Problem to work on >> Take the lines of the data below from the very first through the line containing "An elderly couple" and output them exactly, pictures excluded.

[Data excerpts]
----------
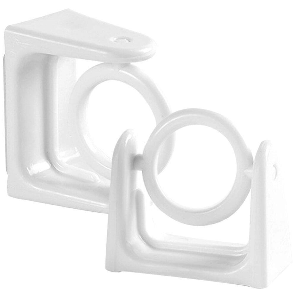 White 2 Pcs Hook Curtain Rod Rotatable Holder Closet Bracket No Punching
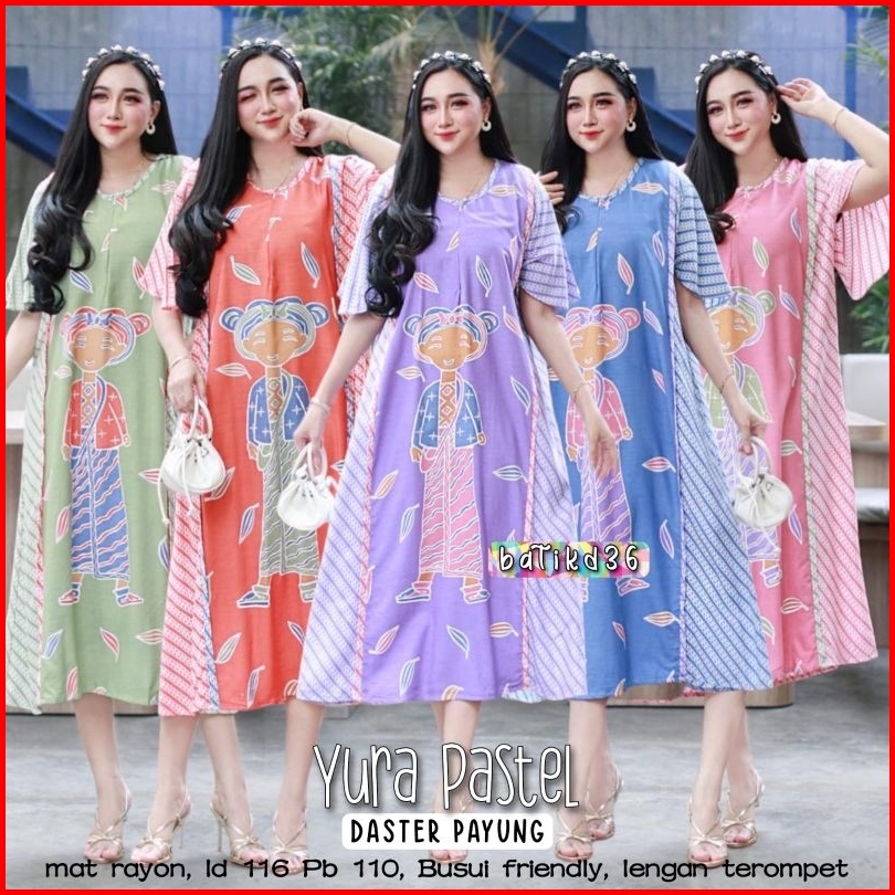 Jessa Ld 120 Baju Tidur Daster Busui Rayon Premium Tejo Yura Soft Pastel Lengan Terompet Pendek Midi Dress Wanita Bahan
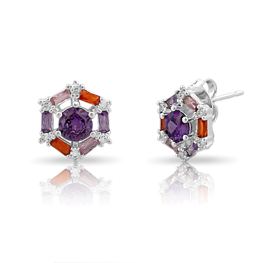 Brinco de Prata Leve Top com Zircônias Coloridas
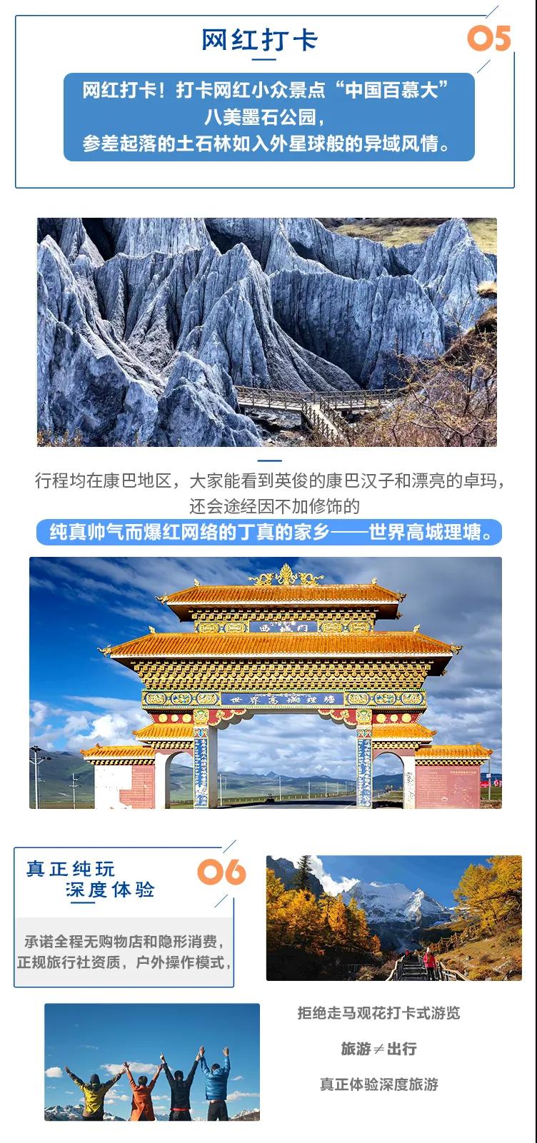 稻城亞丁+海螺溝冰川森林公園+墨石公園+新都橋+瑪尼河谷+塔公草原+理塘+日瓦+天路十八彎
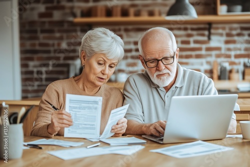 An elderly couple sits side by side at a kitchen table, focused on reviewing financial documents and using a laptop.
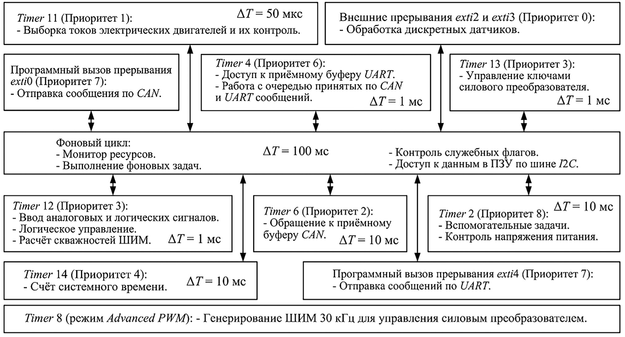 Разработка программного обеспечения для микропроцессорного управления потребовала учета ограниченности вычислительных ресурсов микроконтроллера. Согласно блок-схеме на рис. 4 задачам управления назначены приоритеты и интервалы повторения ΔT, исходя из их значимости и своевременного захвата, обработки и генерирования сигналов. При этом более высоким приоритетам соответствуют меньшие их номера, указанные на рис. 4.
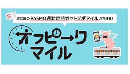 東武線の沿線共通ポイント「TOBU POINT(トブポ)」の新サービスとして、22年10月1日に東武線に登録済みのモバイルPASMOで乗車すると運賃の3%のおでかけマイルがたまる「トブポマイル」と、21年9月30日で終了した回数乗車券の代替となる「リピートマイル」の2サービスを開始。さらに、利用が集中するピーク時間帯の分散を図り、駅や電車内の混雑の平準化を目指すべく、他の鉄道会社と同等の仕組みのオフピークマイルも展開し、磁気定期券からPASMO定期券への置き換えと時差通勤をうながす。
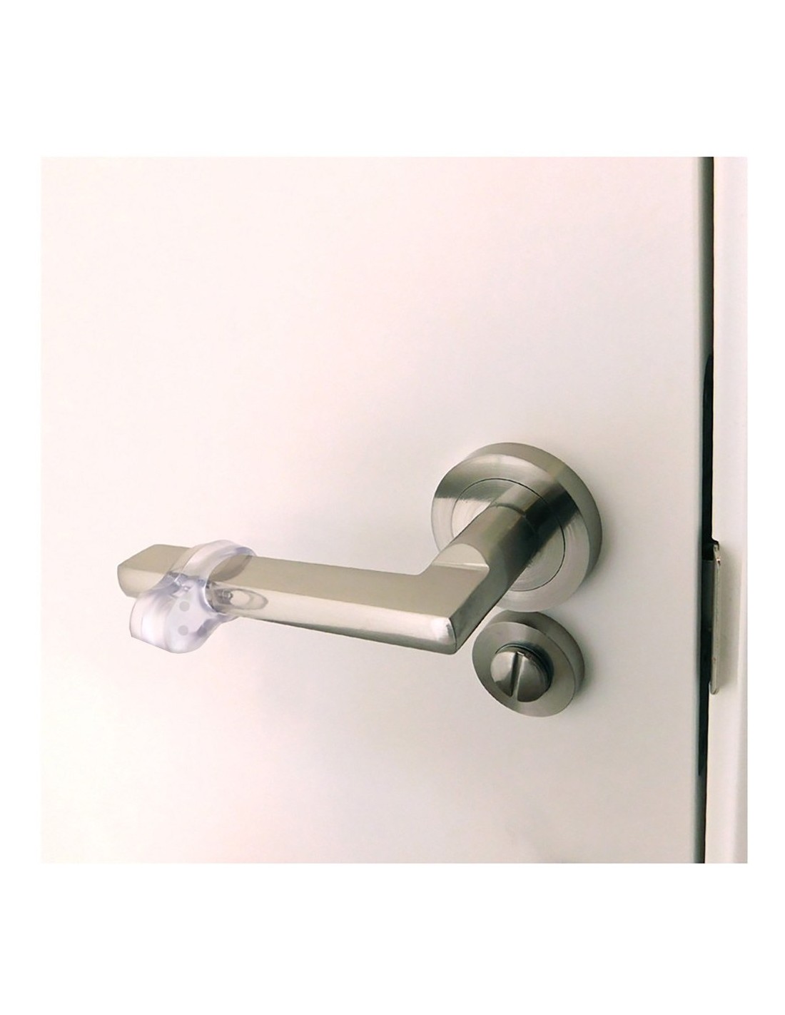 Tope puerta manilla amortiguador tp16, transparente, para evitar impactos al abrir puertas y ventanas y así prevenir golpes y daños no deseados en la pared. se instala sobre la maneta de la puerta o ventana con su lado protector hacia el lado del golpe a cubrir. material: pvc. orificios para la maneta de unos ø18 mm. dimensiones: 30 x 22 x 13 mm
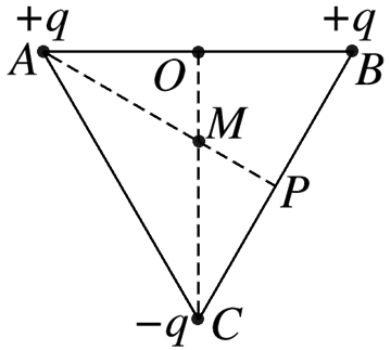 如图所示,在等边三角形三个顶点A、B、C处,固定电荷量分别为+q、+q、-q的三个点电荷,过点C作AB边的垂线,垂足为O,过点A作BC边的垂线,垂足为P,两垂线交于M点.取无穷远处电势为零,则下列说法正确的是
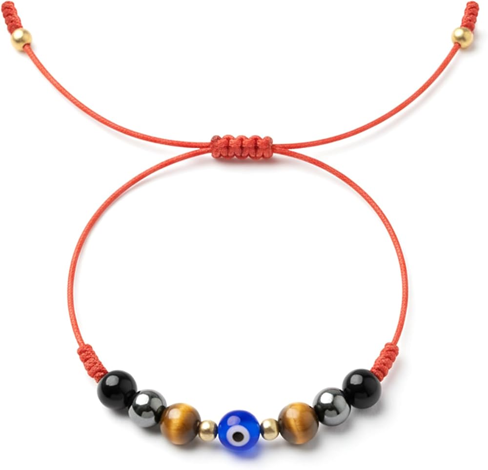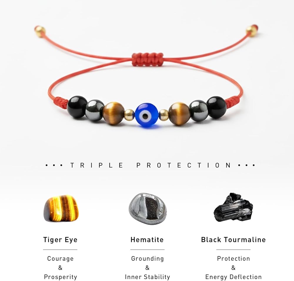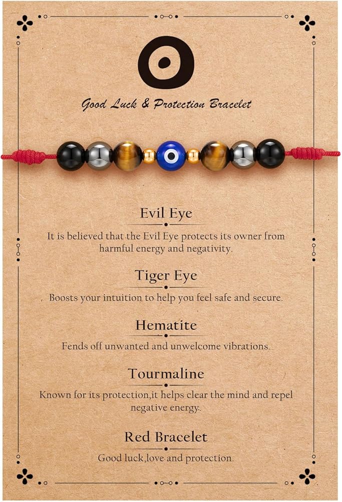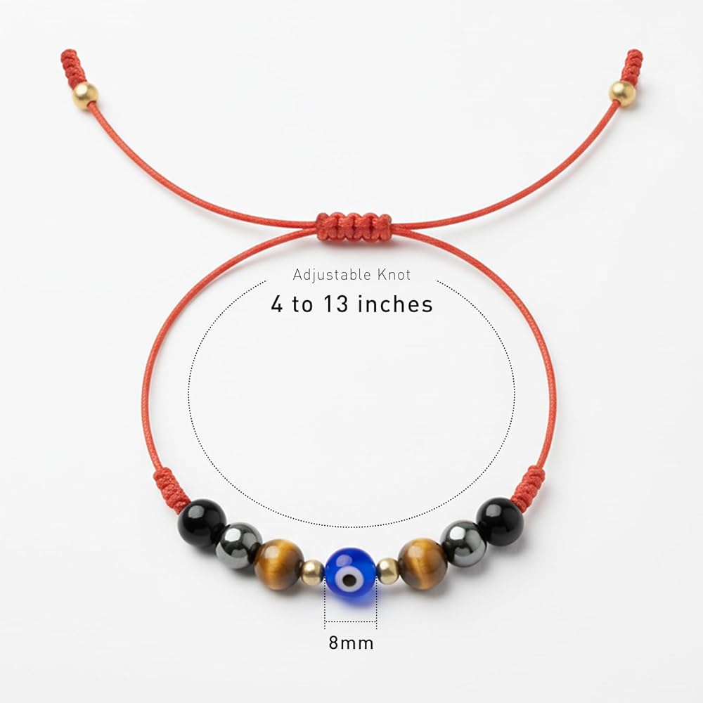 • المادة والحجم - هذا السوار الكريستالي مصنوع من خرزات 8 مم من عين النمر والتورمالين الأسود والهيماتيت والعين الشريرة، جميعها مربوطة بخيط أحمر - رمز الحظ السعيد والحب والحماية. يحتفظ كل حجر بملمسه الطبيعي للحفاظ على خصائصه الحيوية. السوار قابل للتعديل ويمكن أن يمتد إلى أقصى طول 13 بوصة.
----------
Solved exercise >>
 White 2 Pcs Hook Curtain Rod Rotatable Holder Closet Bracket No Punching
 Jessa Ld 120 Baju Tidur Daster Busui Rayon Premium Tejo Yura Soft Pastel Lengan Terompet Pendek Midi Dress Wanita Bahan
 Brinco de Prata Leve Top com Zircônias Coloridas
 稻城亞丁+海螺溝冰川森林公園+墨石公園+新都橋+瑪尼河谷+塔公草原+理塘+日瓦+天路十八彎
 An elderly couple sits side by side at a kitchen table, focused on reviewing financial documents and using a laptop.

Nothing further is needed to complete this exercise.